Saturday, September 16, 2017

A Labour of Love

This was another week spent editing Bleeding Darkness - this time, copy edits and hopefully for the last time. At the point that I'm at now with the manuscript, I'm tired of it, have no idea if it's any good, think the suspense has disappeared (as it has because I've read it twelve times), wish I'd written every sentence another way, wonder if I should chuck my computer and take up lawn bowling ... and have been here often enough to know that this feeling is part of the process. I worked all weekend and finally finished recording the last of my edits in a Word doc at nine p.m. Wednesday night.

It's time to pour a big glass of wine.

Editing leaves no time to do laundry.

It's time to set this one free.



My editor contact at Dundurn tells me that the copy editor is also having a go at the text and once they coordinate both our changes into the master document, the process picks up steam. The advance reading copies will be prepared and mailed out and the book will be posted on Net Galley for advance book reviewers. It doesn't actually hit the stores until May 2018, and by then I'll be elbow deep in my next book and have forgotten much of what I laboured over for so long with this one. Maybe, labour is the right word. The same thing happened after having babies. With the passing of time, I forgot how kind of awful yet glorious the experience was.
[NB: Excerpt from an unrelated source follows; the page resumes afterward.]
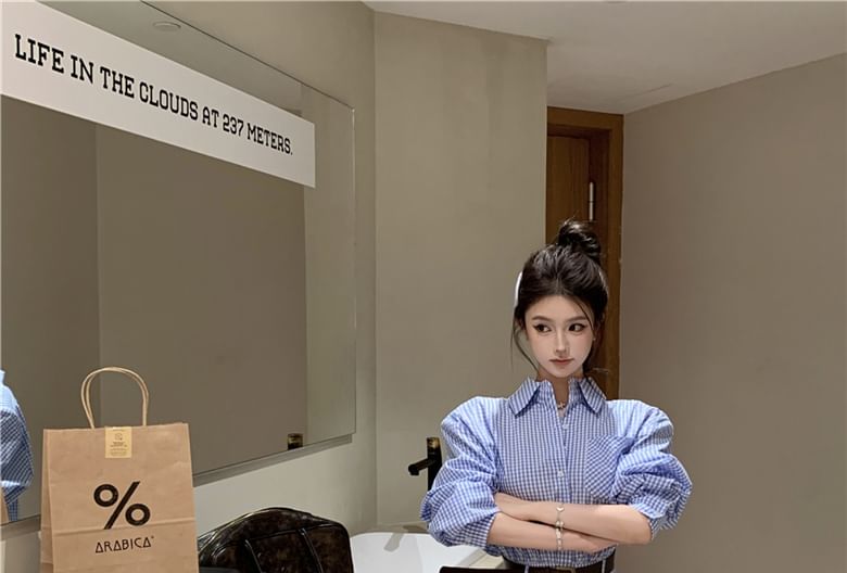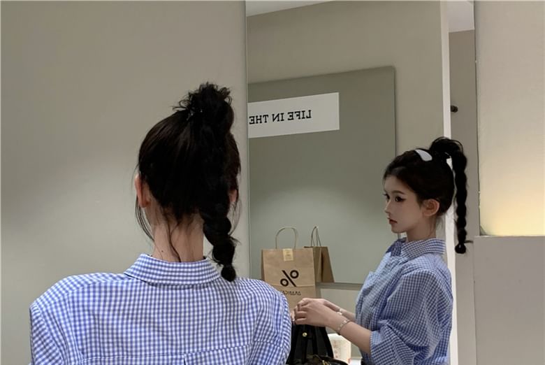 Pocket Henley Front Mini Plaid Shirt Pleated Long-Sleeve Hem Dress

Men, if you want to experience labour (without the physical pain), write a book. You'll live through the same anxiety, fatigue and sense of creating something bigger than yourself, while wondering how the hell it's ever going to find it's way out of you. You'll worry about how the world will take to your little offering, hoping it amounts to something once it leaves your all-consuming focus and care. You too can experience listening to your spouse without hearing a thing they've said (although I think this happens already) and become as forgetful as ... well, a pregnant woman. Even the entire book-writing process takes about ten months of distracted gestation.

On to the rest of my week ...

I finished reading Ann Cleeves latest Vera Stanhope book entitled The Seagull and Barb Fradkin's latest Amanda Doucette, entitled Trickster's Lullaby, taking breaks from editing now and then because my eyes needed more exercise :-) Now, I'm doing some research, writing questions and getting ready to host both authors on October 10 for an evening of writing chat about their writing process, influences and latest books. Be sure to order a ticket and come out to learn more about two of the finest crime fiction writers in the field today.

A note that I'll be appearing at the Crime Writers of Canada table (booth 213) at Toronto Word on the Street next Sunday, September 24 - it would be great to meet some Toronto readers so stop by if you're out and about.

So, I've got to get back into the latest manuscript that I set aside to edit ... and if you don't think it was confusing to be writing one and editing another, you'd be wrong. I'm trying to remember my train of thought from a week ago when I was confident I had the ending worked out. I'm at about 67,000 words with 20,000 or so left to go. I'm at that point with the plot where I'm girding my loins to jump off the cliff and hoping the parachute opens. (The baby is kicking at my rib cage.)